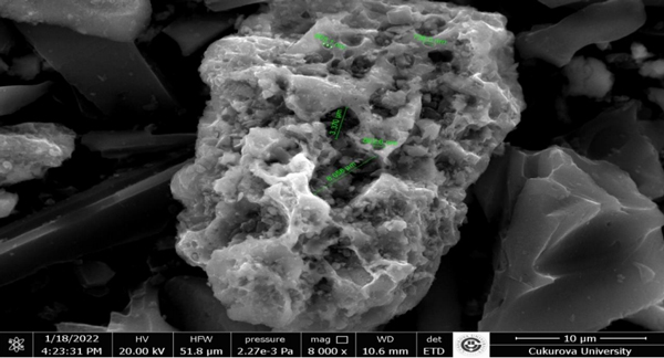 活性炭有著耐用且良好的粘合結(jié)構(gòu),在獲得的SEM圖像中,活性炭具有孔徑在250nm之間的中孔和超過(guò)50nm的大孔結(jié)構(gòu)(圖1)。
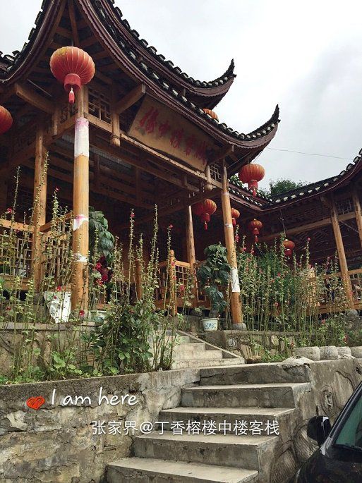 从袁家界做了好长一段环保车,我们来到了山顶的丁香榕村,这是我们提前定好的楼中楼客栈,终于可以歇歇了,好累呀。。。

***

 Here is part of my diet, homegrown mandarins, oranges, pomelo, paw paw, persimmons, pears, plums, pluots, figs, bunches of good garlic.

***

> Work instruction
An exact copy is needed of the entries above, starting at the line that holds "活性炭有著耐用且良好的粘合結" and stopping at the line that holds "从袁家界做了好长一段环保车,我们来到了山", both kept; pictures stay out.

> Exercise output
 活性炭有著耐用且良好的粘合結(jié)構(gòu),在獲得的SEM圖像中,活性炭具有孔徑在250nm之間的中孔和超過(guò)50nm的大孔結(jié)構(gòu)(圖1)。
 从袁家界做了好长一段环保车,我们来到了山顶的丁香榕村,这是我们提前定好的楼中楼客栈,终于可以歇歇了,好累呀。。。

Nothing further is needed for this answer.